Dans une vidéo postée sur le compte Instagram de son époux, Brigitte Macron, au 10 Downing Street, se demande où est Larry, le chat de la résidence des premiers ministres britanniques. Un animal qui n’a que faire du protocole, mais n’en est pas moins une célébrité.
Elle l’a cherché du regard, a peut-être incliné discrètement la tête pour scruter le dessous d’une chaise, le fond d’un canapé, mais il ne s’est pas montré. Dans une vidéo publiée le 3 septembre sur le compte Instagram d’Emmanuel Macron, on peut voir le couple présidentiel accompagné du premier ministre Andy Burnham et de son épouse dans un salon du 10 Downing Street. Et la première dame française s’interroger : «Juste un regret : Larry ? Où est le chat ?» Réponse d’Andy Burnham : «Il n’est pas disponible.»
Emmanuel Macron tente alors une plaisanterie : «J’espère qu’il n’est pas au British Museum». En effet, c’est là que le couple présidentiel s’est rendu, lundi 2 septembre, pour l’inauguration de l’exposition de la tapisserie de Bayeux, prêtée par la France. Et l’on ne peut qu’imaginer les dégâts considérables que le chat de la résidence des premiers ministres britanniques aurait pu infliger à la vénérable broderie du XIe siècle.
À lire aussi
De «Blind Date» au 10 Downing Street : qui est Marie-France van Heel, la nouvelle Première dame britannique ?
Pourtant, Larry est lui-même (presque) une antiquité : le chat, «attrapeur de souris en chef» (c’est son titre officiel) du 10 Downing Street, a 19 ans, âge duquel Andy Burnham, dans la vidéo, s’étonne encore. Adopté en 2011 dans un refuge, Larry a vu passer sept premiers ministres, de David Cameron à Andy Burnham en passant par Theresa May, Boris Johnson, Liz Truss, Rishi Sunak et Keir Starmer. Véritable célébrité, on l’a vu dans les bras de Barack Obama (le seul dirigeant à avoir eu ce privilège), s’incruster dans une très officielle photo de Theresa May recevant le couple Trump, ou s’apprêtant tranquillement à accueillir Volodymyr Zelensky au milieu d’un service de sécurité sur les dents.

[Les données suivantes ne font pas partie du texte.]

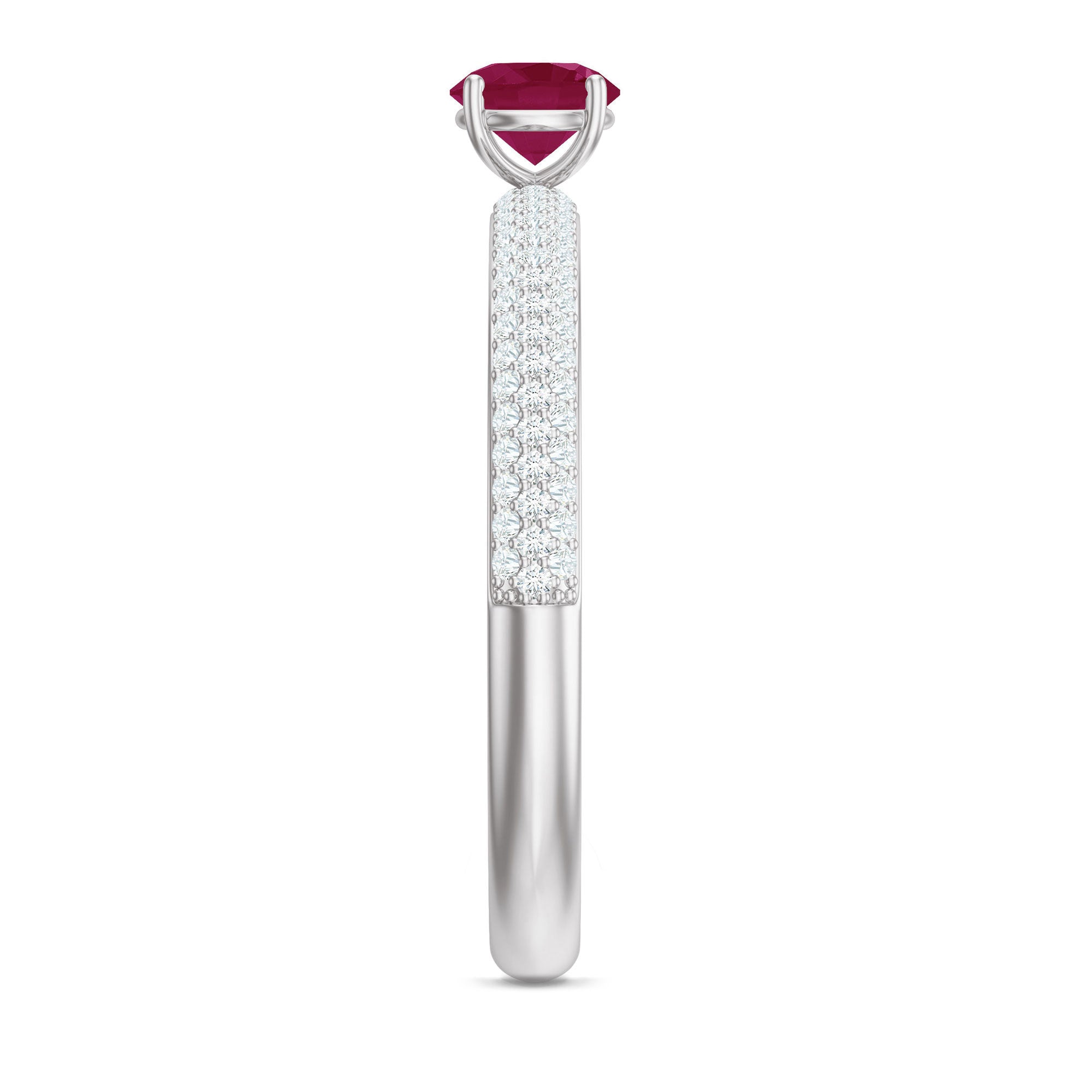 Natural Ruby Solitaire Ring with Diamond Side Stones

Donald Trump et Melania Trump sont accueillis devant le n° 10 par Theresa May et Philip May. Et par Larry sur une fenêtre. (Londres, le 4 juin 2019.)

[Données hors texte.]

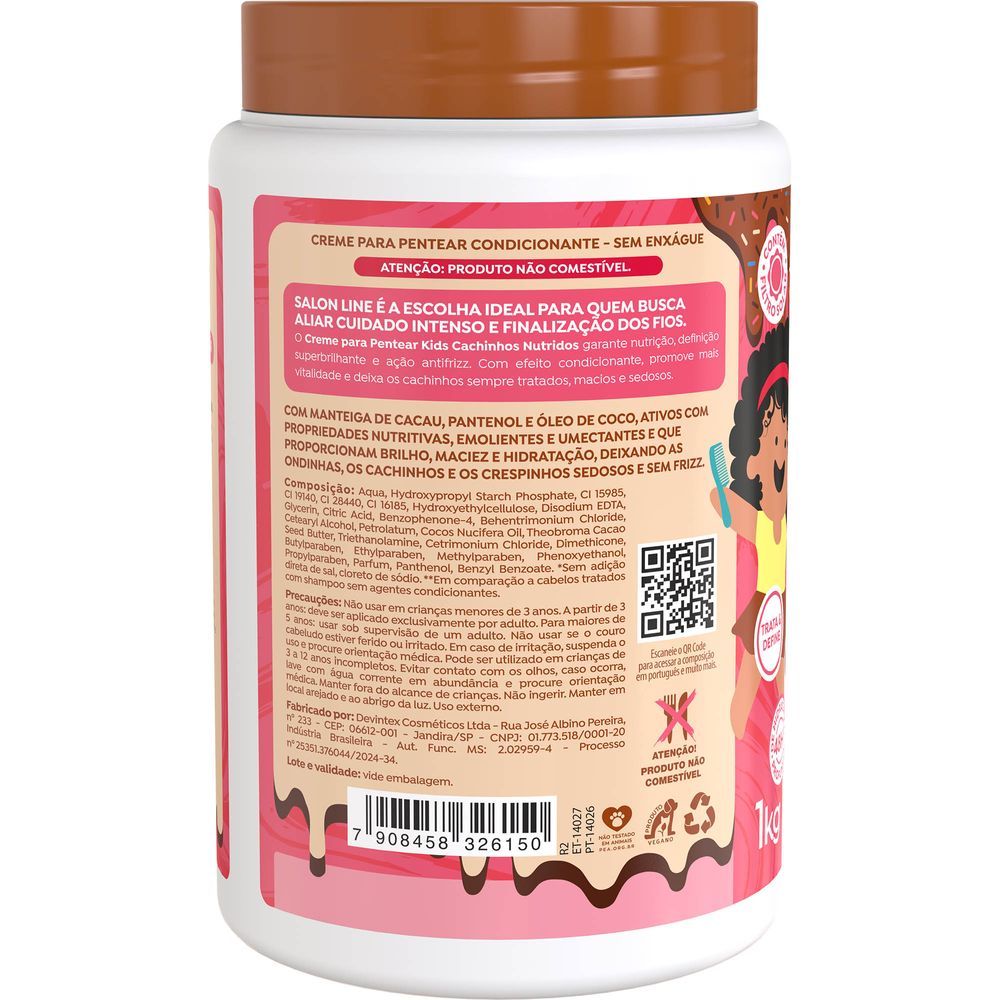 O Creme Para Pentear Salon Line Kids Cachinhos Nutridos Chocolate foi desenvolvido para garantir nutrição, definição superbrilhante e ação antifrizz aos cabelos. Com efeito condicionante, promove mais vitalidade e mantém os cachinhos sempre tratados, macios e sedosos. Sua fórmula contém manteiga de cacau, pantenol e óleo de coco, ativos com propriedades nutritivas, emolientes e umectantes, que proporcionam brilho, maciez e hidratação, deixando as ondinhas, os cachinhos e os crespinhos sedosos e sem frizz. Além disso, contém filtro solar para proteger os fios. É dermatologicamente testado e conta com um irresistível aroma de chocolate, tornando cada aplicação uma experiência agradável para as crianças. Benefícios: - Nutrição; - Hidratação; - Ação antifrizz; - Proteção solar; - Brilho e maciez; - Aroma agradável de chocolate; - Dermatologicamente testado. Modo de usar: Com os cabelos limpos e úmidos, aplique o creme para pentear mecha a mecha, distribuindo uniformemente no comprimento e nas pontas. Desembarace os fios e, em seguida, amasse-os com as mãos, fazendo movimentos das pontas em direção à raiz. A quantidade ideal pode variar conforme o comprimento e o volume dos cabelos. Não é necessário enxaguar. Sobre a Marca: A Salon Line, uma das maiores fabricantes de cosméticos do Brasil, acompanha a evolução da mulher brasileira há mais de 15 anos. Toda essa vivência faz da empresa uma profunda conhecedora do universo feminino. A Salon Line está sempre investindo em novas tecnologias e produtos para oferecer o que há de melhor no segmento cosmético mundial. Empresa 100% Nacional, tem como objetivo especializar-se na beleza das mulheres brasileiras, desenvolvendo produtos de alta tecnologia e valorizando todas as belezas.

Justin Goff Photos/Getty Images
Soft power
Mais Larry est un chat, Larry fait bien ce qu’il veut. Brigitte Macron n’aura pas eu la chance de rencontrer la bête : pendant que les deux couples devisaient à l’intérieur de la résidence officielle, Larry prenait l’air, et surtout la lumière, devant les caméras du monde entier (dont celle du journaliste Alexandre Seale, qui a posté le résultat sur Instagram). Nonchalant (ce qui n’est pas toujours le cas : on l’a vu, pas plus tard que cet été, déposer une souris morte devant la porte), le chat s’offrait aux objectifs et cajoleries des journalistes, dédaignant leurs miaulements (ridicule) ou leurs questions («Que penses-tu de la tapisserie de Bayeux ?» – un bien beau griffoir, probablement) mais ne disant pas non à quelques caresses bien placées (en haut du dos, s’il vous plaît).

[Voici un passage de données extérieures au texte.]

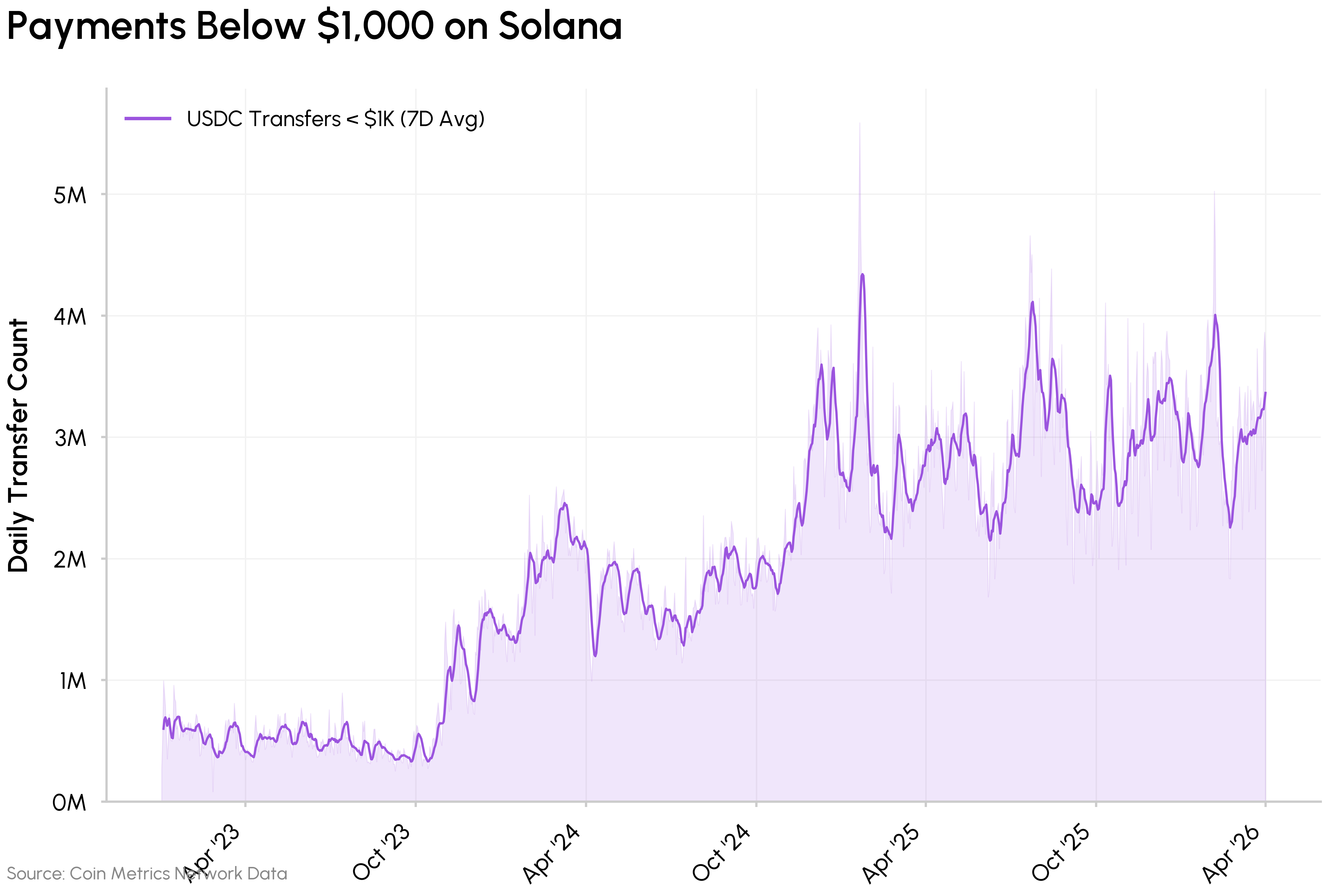 Solana’s low-cost environment has made it a leading chain for payments and consumer-scale value transfer. Sub-$1,000 USDC transfers consistently see ~3M in daily transactions, with median transaction sizes consistently below $100.

Quand Brigitte et Emmanuel Macron sont sortis pour, à leur tour, prendre la pose devant les caméras, Larry était déjà loin. Reste que c’est son évocation qui sert de «hook» (ces premières secondes d’un format vidéo, qui doivent capter immédiatement l’attention du spectateur) au résumé en images de la visite présidentielle. Un florilège de sourires, d’accolades et de conversations cordiales au son du Crocodile Rock d’Elton John et avec un titre, «Friendship actually», évoquant Love actually, comédie romantique se déroulant en partie au 10 Downing Street : même absent, «Larry the cat» est le personnage d’un scénario pop, redoutable outil de soft power diplomatique ayant sans doute récolté plus de «likes» que de souris. Qu’importe, Larry s’en fiche, Larry fait sa vie. Jamais où on l’attend, mais toujours là où il veut. L’apanage des grands de ce monde, dont il fait définitivement partie.